Once the line holding "Neben dem Haus, in" is found, output it and all remaining lines of the data exactly, with every picture left out.

DATA BELOW »
■ ■ ■ ■
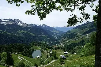 View south-westward from the foot of Blasenka over the Seewaldsee, the only lake of the valley, strangely on the ridge, and the lower Großwalsertal | |
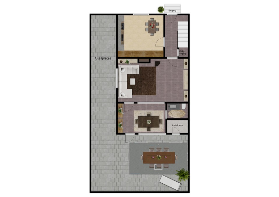 Neben dem Haus, in dem perfekt gestalteten Innenhof, befinden sich die Stellplätze die Sie durch das moderne, elektrische Außen Rolltor befahren können. Zwei Autos finden hier spielend Platz. Das Grundstück ist in Gänze eingefriedet und Ihre Kinder können sicher in diesem herrlich gestalteten Garten spielen.
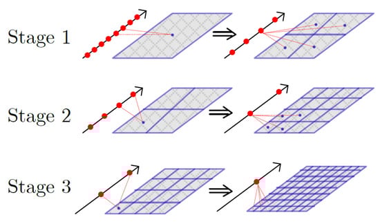 The left image in Figure 3 shows an example of subaperture summation where the factorization factor is two. The platform runs along the y-axis; the x-axis is the range direction; and the z-axis denotes the height dimension. The new subaperture at is the summation of subapertures at and . The number of pivots along the range dimension is n, and a pivot can be denoted as . In this accelerated BP algorithm, the number of pivots is fixed during the focusing process, which is different from Block_FFBP, wherein the number of reference points grows with an increase in the number of factorization stages.
■ ■ ■ ■
RESULT FOR THIS EXERCISE »
 Neben dem Haus, in dem perfekt gestalteten Innenhof, befinden sich die Stellplätze die Sie durch das moderne, elektrische Außen Rolltor befahren können. Zwei Autos finden hier spielend Platz. Das Grundstück ist in Gänze eingefriedet und Ihre Kinder können sicher in diesem herrlich gestalteten Garten spielen.
 The left image in Figure 3 shows an example of subaperture summation where the factorization factor is two. The platform runs along the y-axis; the x-axis is the range direction; and the z-axis denotes the height dimension. The new subaperture at is the summation of subapertures at and . The number of pivots along the range dimension is n, and a pivot can be denoted as . In this accelerated BP algorithm, the number of pivots is fixed during the focusing process, which is different from Block_FFBP, wherein the number of reference points grows with an increase in the number of factorization stages.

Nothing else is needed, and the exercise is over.